Afghan citizens angry over failure to protect them from Kabul attack
KABUL was reeling yesterday from its deadliest attack since 2001, with anguished families burying their dead as authorities cleared away mangled wreckage and public anger grew over the government’s failure to protect citizens in the heart of the Afghani capital.
No group has so far claimed responsibility for Wednesday’s attack, launched from a sewage tanker packed with explosives, which killed at least 90 people, mainly civilians, while wounding hundreds of others.

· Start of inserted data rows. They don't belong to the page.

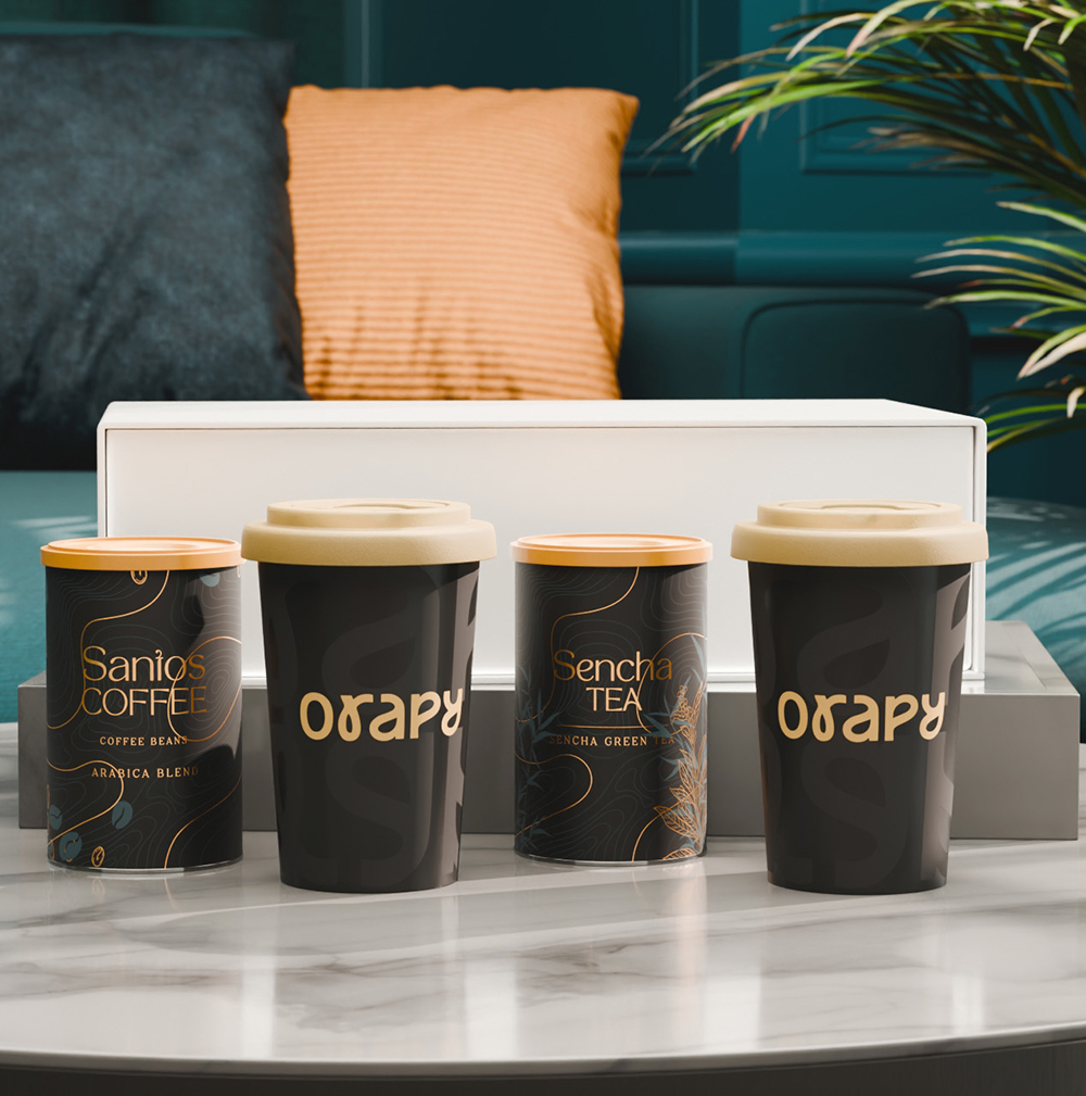 The set with Freedom mobile mugs combines mobility with subtle branding. Inside, it also includes selected “Santos Coffee” and “Sencha Tea” presented in elegant tins. The entire set is packaged in an exclusive, snow-white box with a magnetic closure. The lid is available in the following colors: white, orange 021C, Cool Gray 7, red 200C, navy blue 294C, brown 4695C, black, pink 4064C, blue 2144C, eucalyptus 5493C, desert sand 2310C.
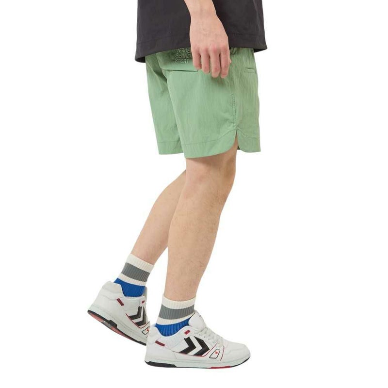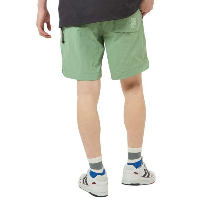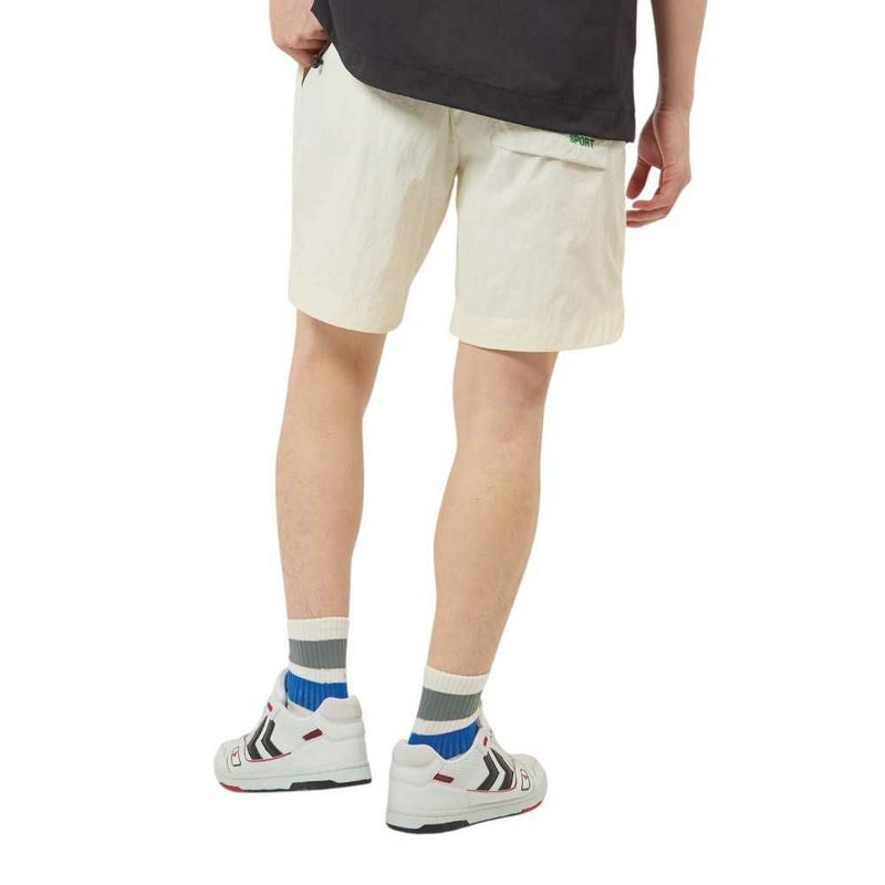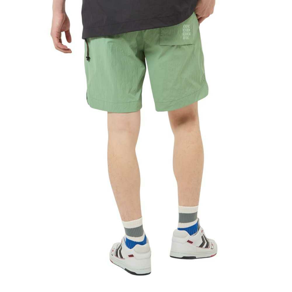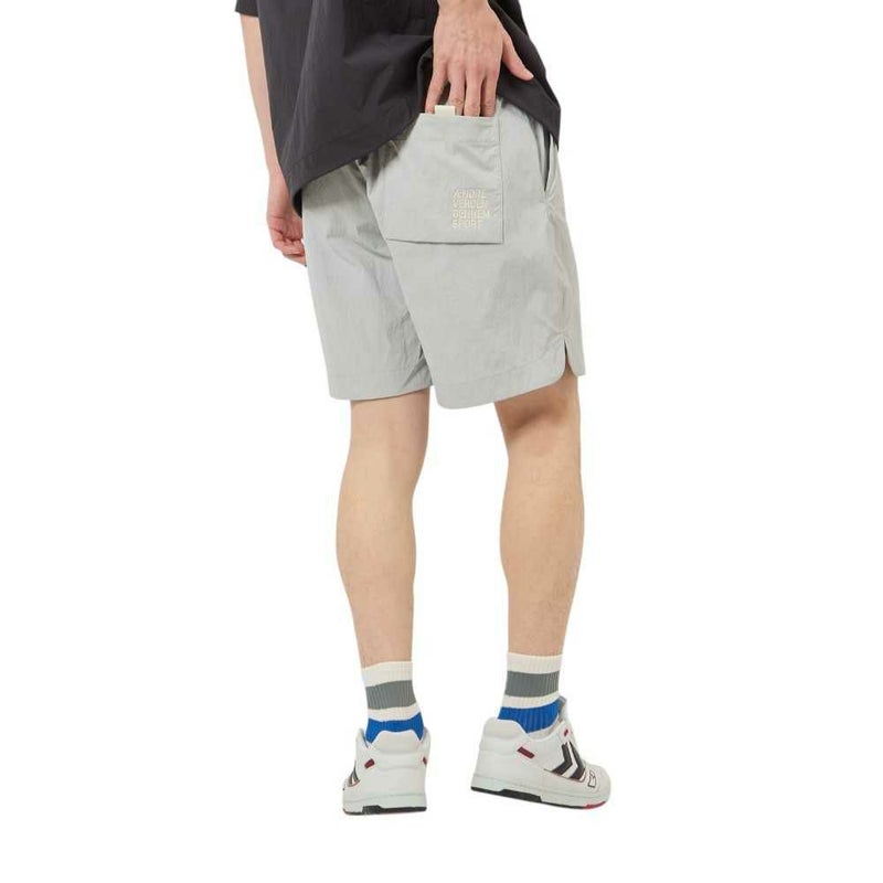 ナイロンタッサー素材を使用したウーブンショーツ。表撥水でドライなタッチ。両サイド、後身頃ポケット付き。バックポケットにはヒュンメルのブランドミッション『change the world through sport.』をデザイン。シンプルで使いやすいアイテムです。
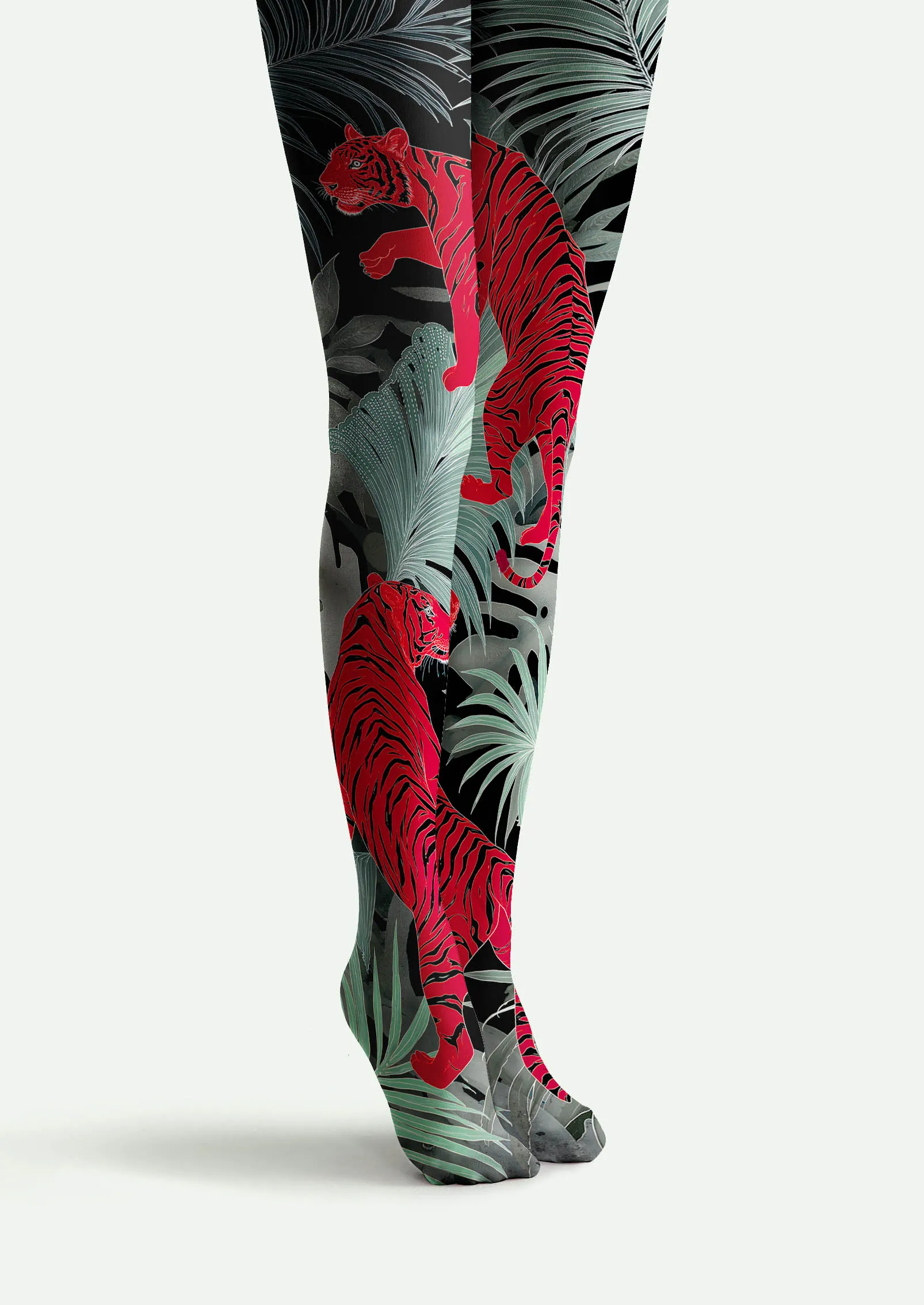 Viken Plan Tiger Totem Patterned Tights Hosiery Pantyhose

The attack during the holy month of Ramadan highlighted the ability of militants to strike even in the capital’s most secure district, home to the presidential palace and foreign embassies.
Angry citizens demanded answers over a perceived intelligence failure leading to the attack.
“For how long will we have to tolerate this bloodshed in our country?” a sobbing resident asked on local Tolo News. “I have lost my brother in the blast and the government is constantly failing to provide us with security.”
Authorities swept up debris and shards of glass that littered the streets, and cleared away the charred carcasses of blown-up vehicles, as residents held emotionally charged funerals.
With more than 400 people wounded, the injured spilled over into hospital hallways as huge crowds gathered outside waiting for news of their loved ones or relatives still missing.
Health officials said some victims may never be identified as their bodies were torn to pieces or burned beyond recognition.
Afghanistan’s intelligence agency has blamed the Taliban-allied Haqqani Network for the attack. Afghan President Ashraf Ghani is expected to approve the execution of 11 Taliban and Haqqani prisoners, a government source told reporters, in apparent retaliation.
The Haqqani Network, long thought to have ties to neighboring Pakistan’s shadowy military establishment, is led by Sirajuddin Haqqani — also the Taliban’s deputy leader — and has carried out numerous operations in Kabul, including the 2008 Indian embassy bombing that killed almost 60 people.
The Taliban — currently in the midst of their annual “spring offensive” — denied they were involved, and the Islamic State group has so far not claimed the attack.
Global outrage swelled yesterday over the blast, the deadliest single attack in Kabul since the Taliban were toppled from power in a 2001 US-led invasion.
US President Donald Trump told Ghani in a phone call that the timing of the attack during Ramadan underscores “the barbaric nature of the terrorists who are enemies of all civilized peoples.” UN Secretary-General Antonio Guterres expressed his “abhorrence.”
The lights at the Eiffel Tower were switched off on Wednesday night to honor the scores of victims. The monument’s lights had already been turned off on Tuesday after suicide blasts in Baghdad killed at least 42.
The explosion, which Kabul residents compared to an earthquake, damaged several embassies in the area.
At least 11 Afghan guards working for the US embassy were among those killed and 11 US citizens working as contractors in Kabul were among the wounded, officials have said.
Germany said an Afghan guard had been killed at its embassy, which was “in the immediate vicinity” of the attack, while several other countries also reported damage to their missions.
Frequent attacks made the city the deadliest place in Afghanistan for civilians in the first quarter of 2017, according to the United Nations.
Afghan troops backed by US and NATO forces have been struggling to beat back the insurgents, and the White House is considering sending thousands more soldiers in the battle against the Taliban.
There are about 8,400 US troops in Afghanistan, and another 5,000 from NATO allies. They mainly serve in an advisory capacity — a far cry from the US presence of more than 100,000 six years ago.